WORK TO BE COMPLETED –
Start at the top of the records and, please, print each line exactly through the line that contains "17 октября в", leaving out all pictures.

Records contained in a dataset:
-- Opening Marker --

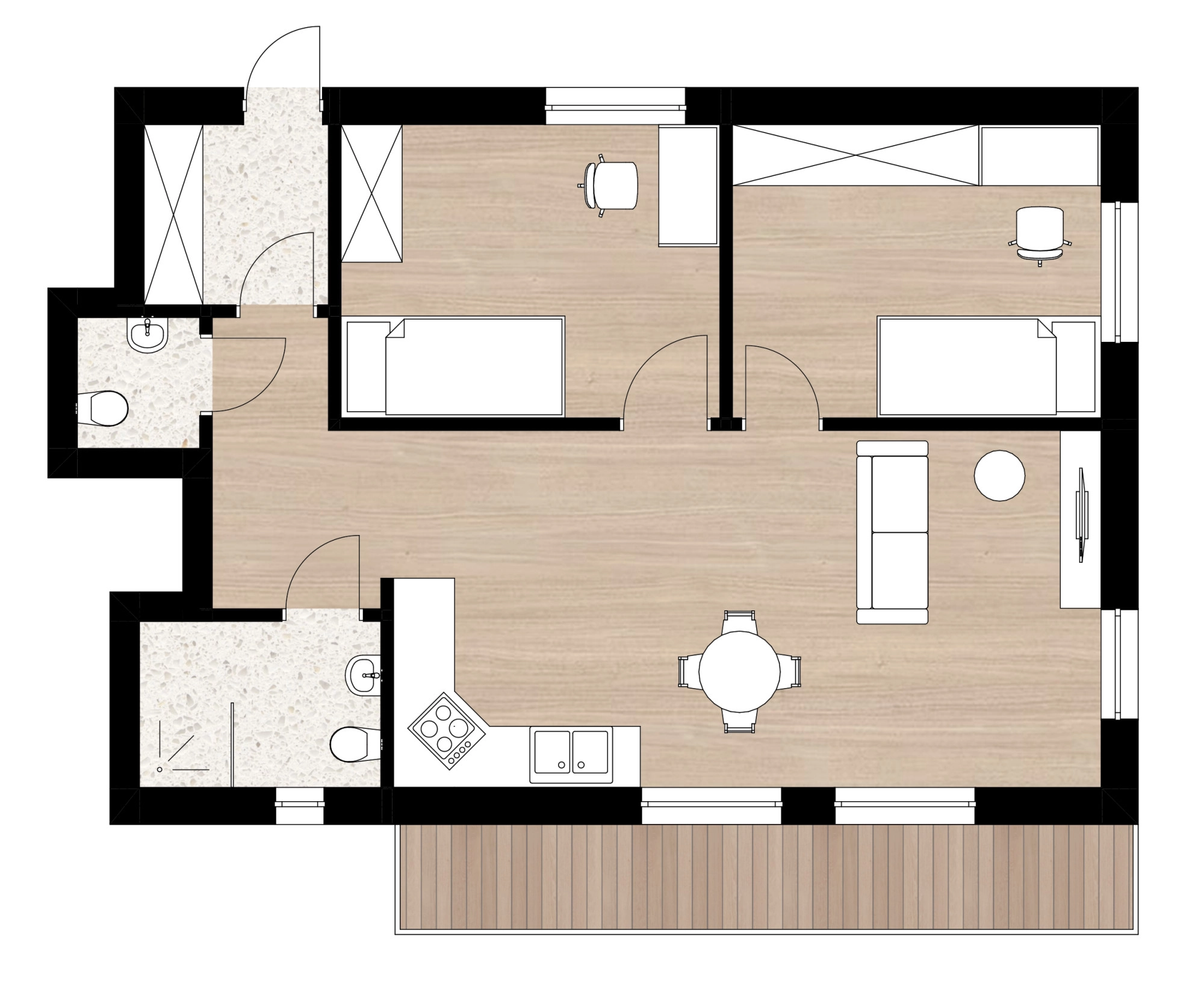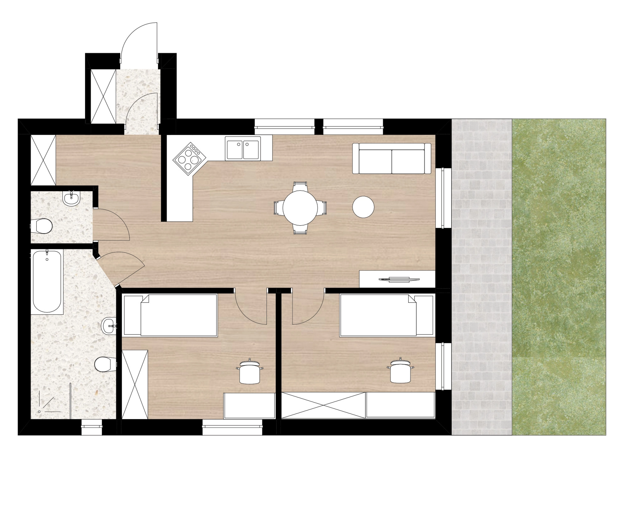 Każde mieszkanie stanowi odrębny lokal z bezpośrednim, niezależnym wejściem z zewnątrz, co zapewnia komfort podobny do domu jednorodzinnego.
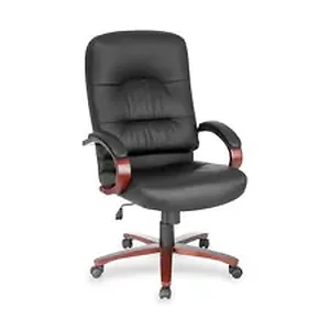 The Lorell Woodbridge Executive High-Back Chair combines luxury and comfort for the ultimate office experience. Crafted from premium top-grain black leather, this chair features a stylish design with finished wood arms and base caps. Its contoured seat and back are equipped with built-in lumbar support, ensuring optimum comfort during long hours of use. Perfect for executive offices or conference rooms, this chair is designed to enhance productivity while adding a touch of elegance to your workspace.
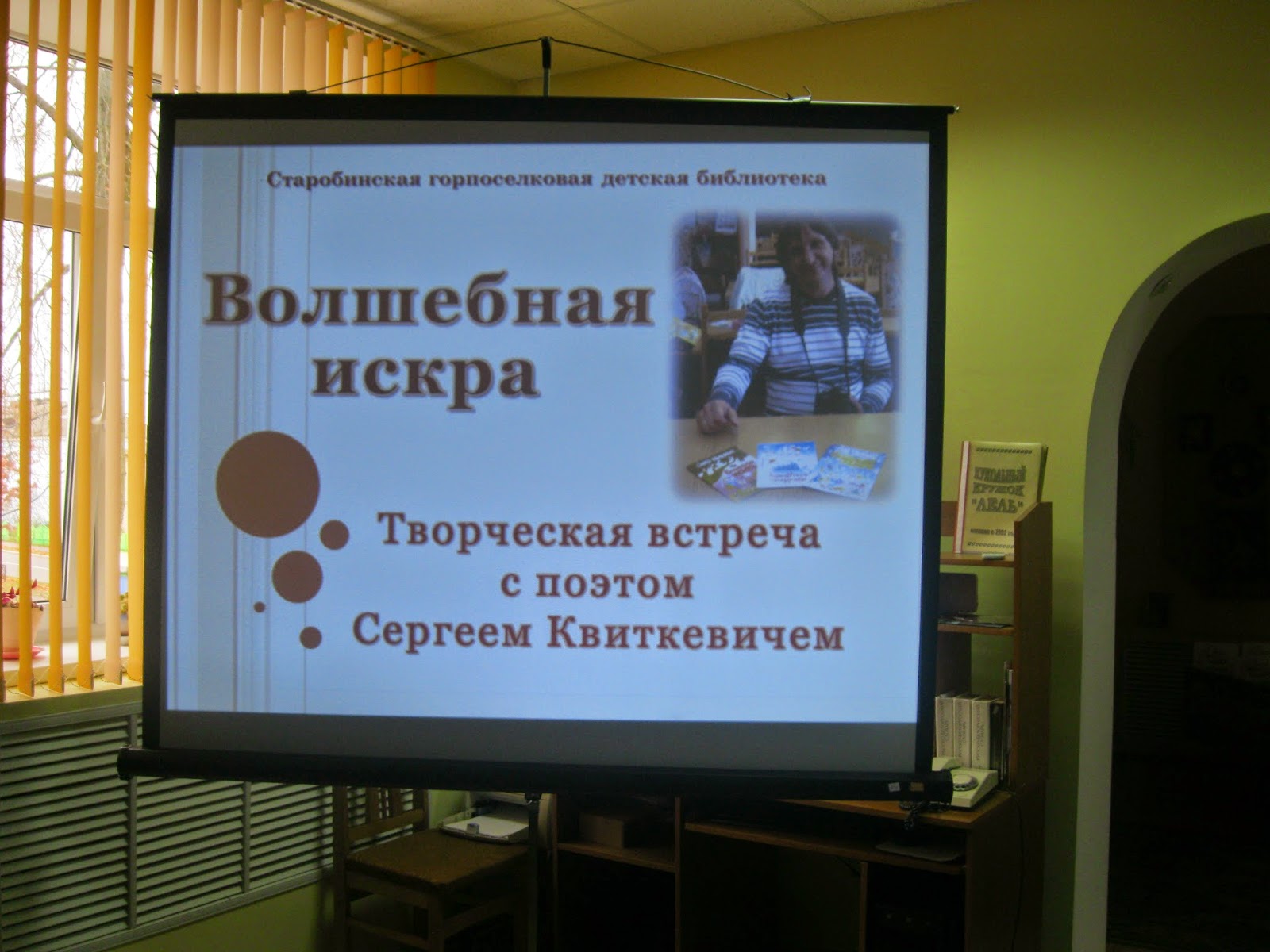 17 октября в Старобинской детской библиотеке прошла встреча учеников Старобинской средней школы с поэтом, журналистом и главным редактором газеты "Шахцёр" Сергеем Борисовичем Квиткевичем.
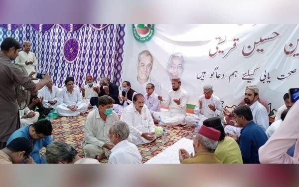 تفصیلات کے مطابق آج عمرکوٹ میں اقلیتی برادری کی جانب سے پاکستان کے وزیر خارجہ اور غوثیہ جماعت کےروحانی سربراہ مخدوم شاہ محمود قریشی ،اور مخدوم زین قریشی کی کورونا مرض سے صحتیابی کےلیے خصوصی پراتھنا کی گی جس میں بڑی تعداد میں مختلف اقلیتی برادری کےلوگوں کےعلاوہ عام شعبہ زندگی سے تعلق رکھنے والے افراد نےشرکت کی ۔ اس موقع پر پاکستان کی سلامتی بقا اور پاکستان سے کورونا مرض کےخاتمے اور مخدوم شاہ محمود قریشی ،مخدوم زین قریشی کی مکمل صحتیابی تندرستی کےلیے خصوصی دعا اور پراتھنا کی گی اس موقع پر پاکستان تحریک انصاف کےمقامی رہنما لیکراج مل مالھی نےکہا کہ ہم نے آج بھگوان سے خصوصی پراتھنا کی ہےکہ مخدوم صاحبان جلد صحتیاب ہوں اس پروگرام میں غوثیہ جماعت کے مریدین کی بھی بڑی تعداد نےشرکت کی آخر میں خیر خیرات بھی کی گی
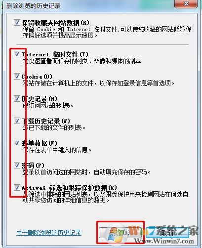 3、可以勾選所有選項,也可以保留一些自己需要用的(最好全刪),點擊【刪除】即可:
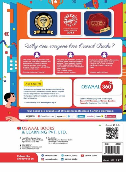Description of the product: ¿ Strictly as per the latest CBSE Board Syllabus released on 31st March, 2023 (CBSE Cir No. Acad-39/2023) ¿ 100% Updated with Latest Syllabus & Fully Solved Board Paper ¿ Crisp Revision with timed reading for every chapter ¿ Extensive Practice with 3000+ Questions & Board Marking Scheme Answers ¿ Concept Clarity with 1000+concepts, Smart Mind Maps & Mnemonics ¿ Final Boost with 50+ concept videos ¿ NEP Compliance with Competency Based Questions & Art Integration

-- Closing Marker --

RESULT FOR THIS TASK –
 Każde mieszkanie stanowi odrębny lokal z bezpośrednim, niezależnym wejściem z zewnątrz, co zapewnia komfort podobny do domu jednorodzinnego.
 The Lorell Woodbridge Executive High-Back Chair combines luxury and comfort for the ultimate office experience. Crafted from premium top-grain black leather, this chair features a stylish design with finished wood arms and base caps. Its contoured seat and back are equipped with built-in lumbar support, ensuring optimum comfort during long hours of use. Perfect for executive offices or conference rooms, this chair is designed to enhance productivity while adding a touch of elegance to your workspace.
 17 октября в Старобинской детской библиотеке прошла встреча учеников Старобинской средней школы с поэтом, журналистом и главным редактором газеты "Шахцёр" Сергеем Борисовичем Квиткевичем.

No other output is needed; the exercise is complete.